As if that had ever troubled me before.
Shutting my book, I grabbed my bag off the floor and began to shove my supplies inside. I barely paused to close the sticky zipper of my pencil case, contents clattering against each other inside.
“Hey, Lu, wait up. Where are you going?”
I continued to pack. I forced myself not to glance toward the voice across the table, laced with confusion.
Why should I act like he was even there?
He certainly hadn’t looked back at me today. Who knew what else he was doing behind my back after I took a chance to think he could be a good human being?
Ugh.There was the pitiful hurt again. I could hear it lacing my own traitorous thoughts. I shouldn’t care, yet I did.
I cared. One night with Ryan, and it’d sent three years of hate-filled walls crashing down.
“Luella.”
My full name made my eyes turn upward of their own accord. “Oh, Ryan, right?”
“Funny.” He looked me up and down.
I huffed. My hands braced on either side of my final two notebooks.
My one pen was still stuck between the pages of my book of shadows. I had to pause to carefully take it out so that ink wouldn’t get everywhere, slowing my retreat.

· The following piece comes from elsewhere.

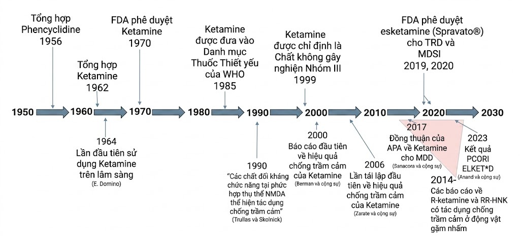 Song song đó, ngày càng có nhiều bằng chứng khác cho thấy hệ thống dẫn truyền thần kinh glutamatergic (glutamatergic neurotransmitter system) có thể đóng một vai trò quan trọng trong sinh lý bệnh của rối loạn trầm cảm nặng (major depressive disorder - MDD). Các nhà khoa học đã báo cáo nồng độ glutamate ngoại bào gia tăng và những thay đổi trong quá trình vận chuyển màng của NMDAR, ngoài các thụ thể alpha-amino-3-hydroxy-5-methyl-4-isoxazolepropionic acid (AMPA), nhằm đáp ứng với tình trạng stress cấp tính trên các mô hình động vật. Các nghiên cứu khác đã tìm thấy bằng chứng chứng minh tình trạng stress mạn tính điều chỉnh sự điều hòa glutamate bên trong vỏ não trước trán (prefrontal cortex - PFC). Cùng với nhau, những phát hiện này gợi ý một vai trò gây bệnh có thể có của độc tính liên quan đến glutamate (glutamate-related toxicity) trong các rối loạn khí sắc (mood disorders). Bằng chứng ngày càng tăng cho thấy trầm cảm là một rối loạn chức năng vỏ não-hệ viền (cortico-limbic function), với sự điều hòa chủ yếu bởi glutamatergic và gamma-aminobutyric acid (GABA)-ergic. Kết hợp với bằng chứng về những thay đổi trong dẫn truyền thần kinh glutamatergic liên quan đến sinh lý bệnh của các rối loạn khí sắc, điều này đã truyền cảm hứng cho nghiên cứu nền tảng của Berman và cộng sự. Họ đã khám phá tác dụng chống trầm cảm tiềm năng của ketamine, với tư cách là một chất đối kháng NMDAR không cạnh tranh có ái lực cao (high-affinity non-competitive NMDAR antagonist). Xem bên dưới để biết phần thảo luận chi tiết về các thử nghiệm lâm sàng kiểm tra tác dụng chống trầm cảm của ketamine. Hình dưới đây trình bày dòng thời gian về sự phát triển và nghiên cứu ketamine từ góc độ của bệnh trầm cảm (Hình 6.1).
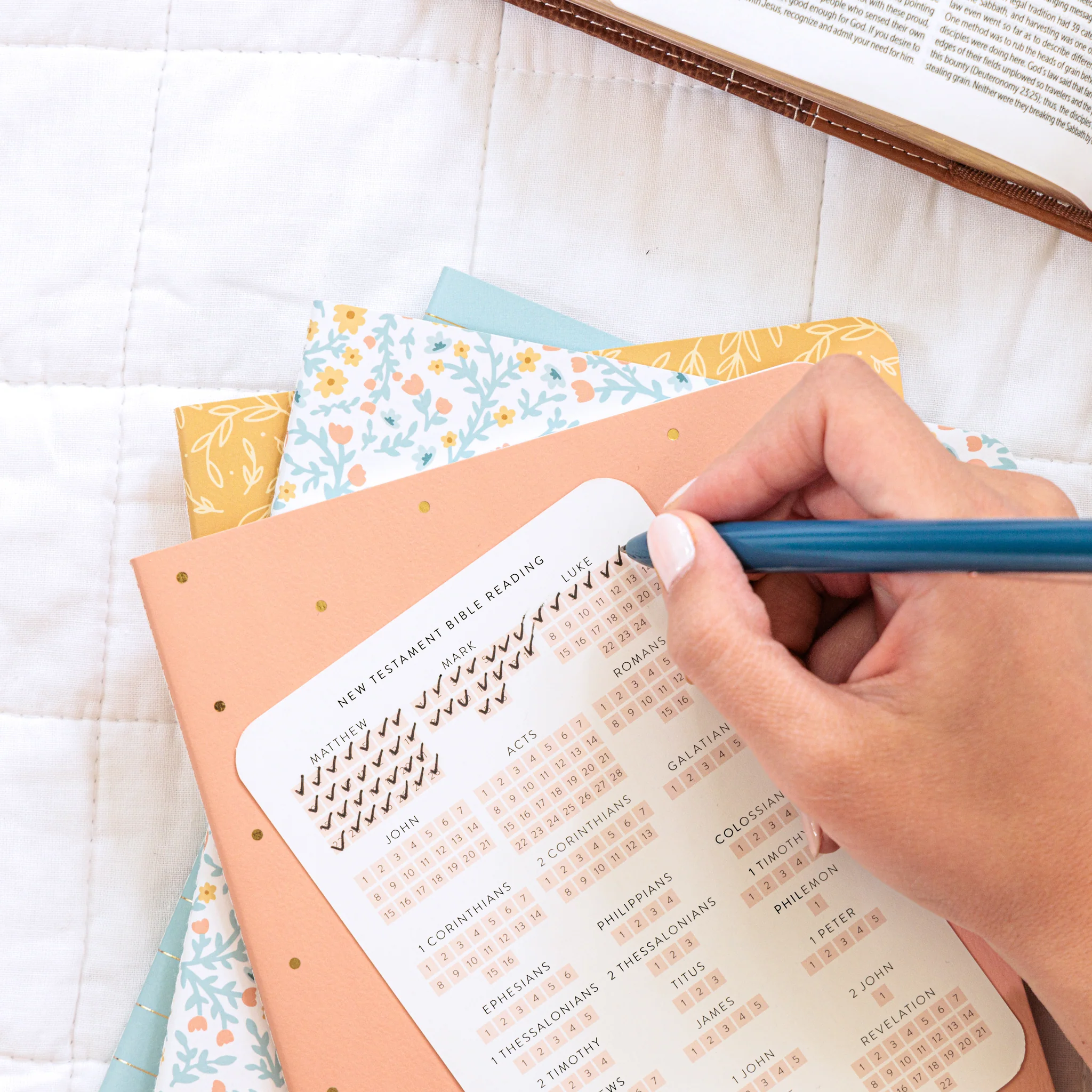 Improve your spiritual journey by using these practical New Testament Bible journals designed for easy reading and reflection. These journals come with a comprehensive Bible reading plan and daily prompts to help you engage with the New Testament. Deepen your faith as you meditate on scripture and document your thoughts during your daily devotional time.

“I don’t get why you’re acting like this toward me.” Ryan stepped around the table.
I raised my eyebrows, finally getting my pen free and everything stacked up in a nice pile. “You’re kidding, right?”
“No.”
“Then, maybe you do need more than a tutor.”
He scoffed. “Can’t you just tell me what I did wrong?”
“You …”
It was going to sound so outrageous, coming out of my mouth, and I knew it. I’d told myself this for the past five minutes. Yet here we were. Another hysterical woman with her feelings hurt.
So be it.
“Have you been the one spreading the rumors?” I asked.
Understanding dawned on him. “Is that what’s bothering you?”
That wasn’t an answer.
“No, Lu. I’m not spreading rumors about you. People saw us, but I didn’t think that you’d care so much.”
“You didn’t say hello,” I said.
“I didn’t say …” Ryan cocked his head.
“You looked right at me today in the science building. I was with Vadika,” I reminded him, as if he’d forgotten that as well. “It was as if you had no idea who I was.”
“I didn’t think you’d want me to.”
Why wouldn’t I want that? A few good reasons popped to my mind immediately. Like the fact that I never talked to anyone in class unless there was a group project or I needed the notes from a day I’d missed. That was a reason. Still, it didn’t matter.